EXERCISE ▸
Would you repeat the listing exactly, without any of its images?

DATASET SECTION ▸
[Start of Attachment]
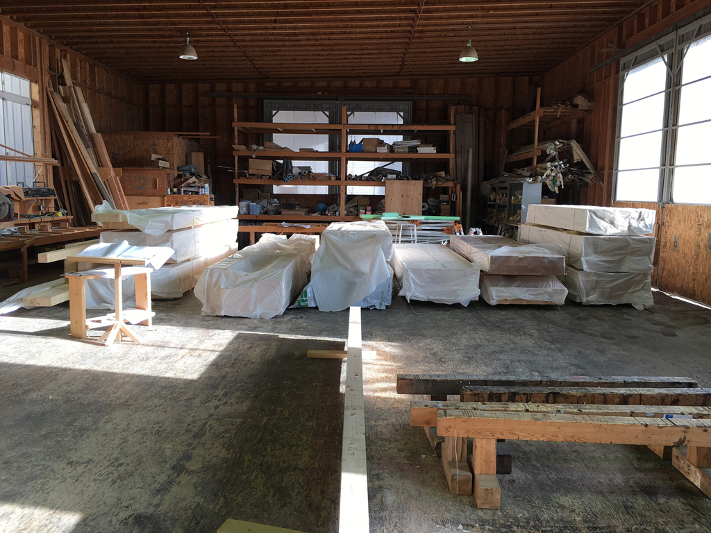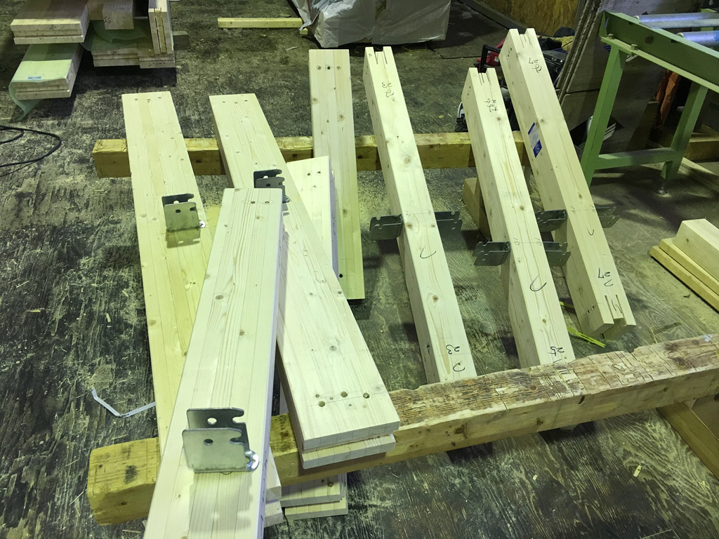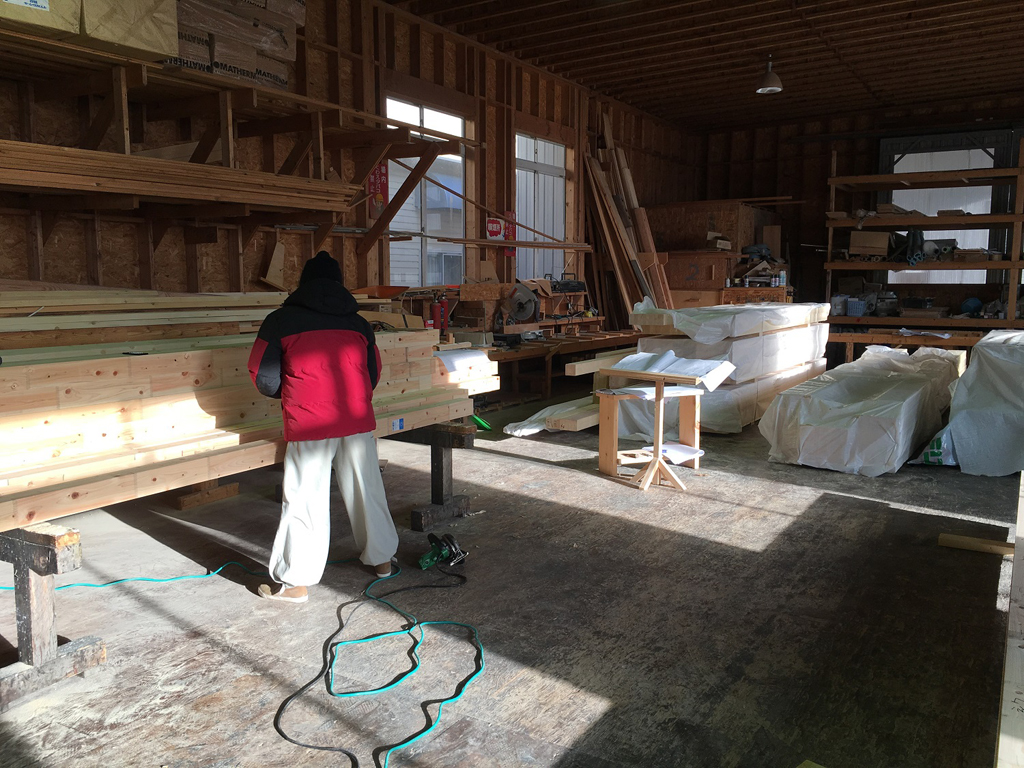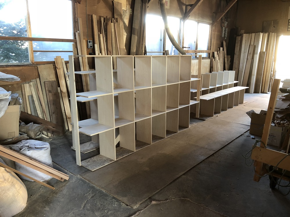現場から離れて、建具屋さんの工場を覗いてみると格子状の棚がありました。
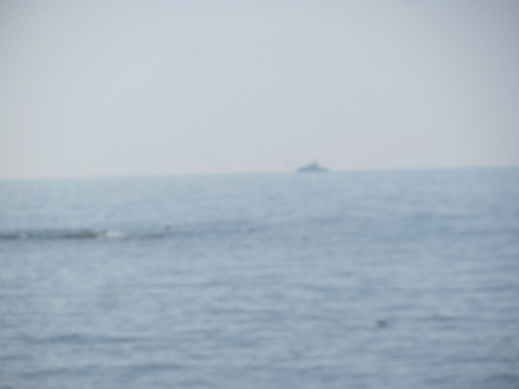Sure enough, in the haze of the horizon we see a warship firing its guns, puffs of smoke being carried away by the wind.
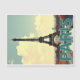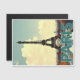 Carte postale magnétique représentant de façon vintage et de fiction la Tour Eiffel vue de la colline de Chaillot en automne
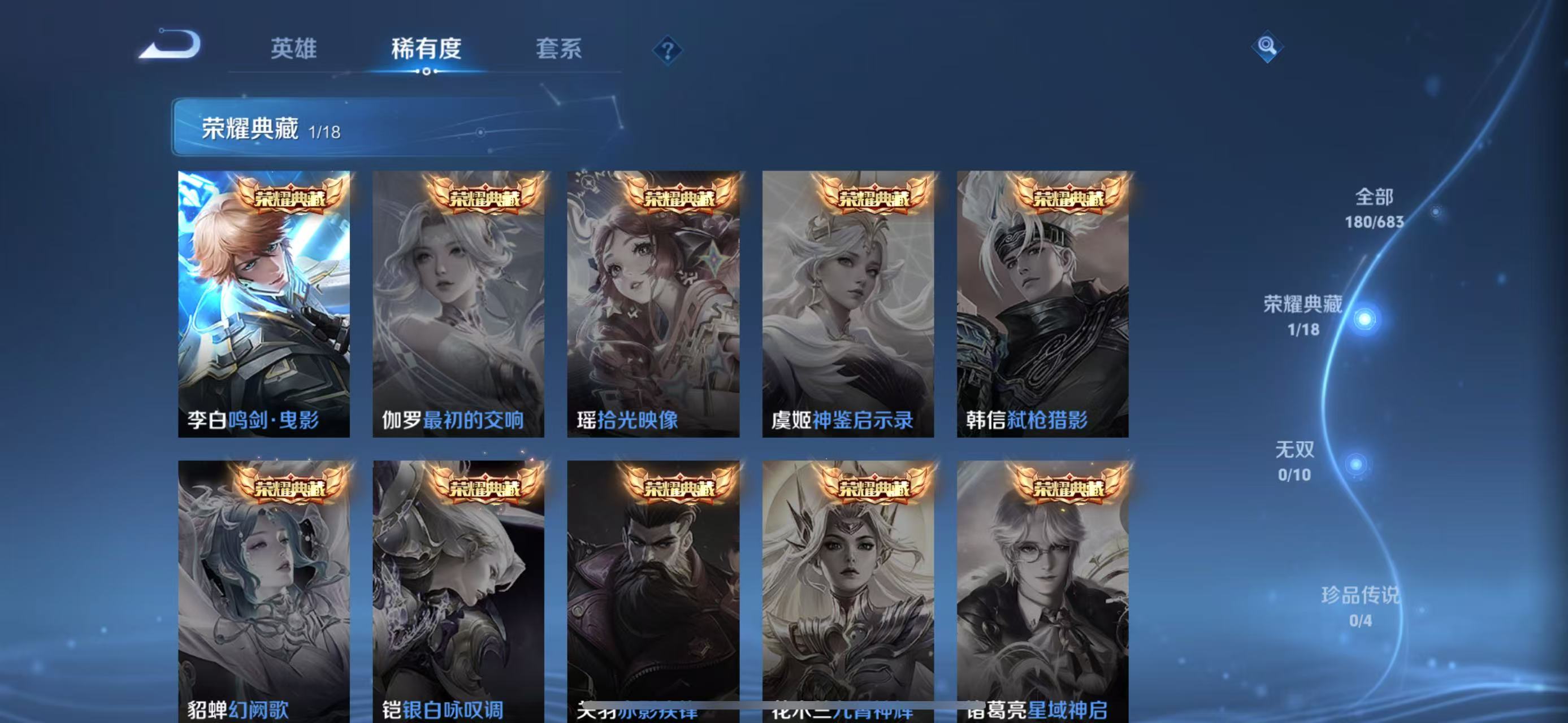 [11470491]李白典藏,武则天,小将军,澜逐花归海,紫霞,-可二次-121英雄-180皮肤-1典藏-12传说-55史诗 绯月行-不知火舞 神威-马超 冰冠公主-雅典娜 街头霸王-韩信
[End of Attachment]
ANSWER SPACE ▸
現場から離れて、建具屋さんの工場を覗いてみると格子状の棚がありました。
Sure enough, in the haze of the horizon we see a warship firing its guns, puffs of smoke being carried away by the wind.
 Carte postale magnétique représentant de façon vintage et de fiction la Tour Eiffel vue de la colline de Chaillot en automne
 [11470491]李白典藏,武则天,小将军,澜逐花归海,紫霞,-可二次-121英雄-180皮肤-1典藏-12传说-55史诗 绯月行-不知火舞 神威-马超 冰冠公主-雅典娜 街头霸王-韩信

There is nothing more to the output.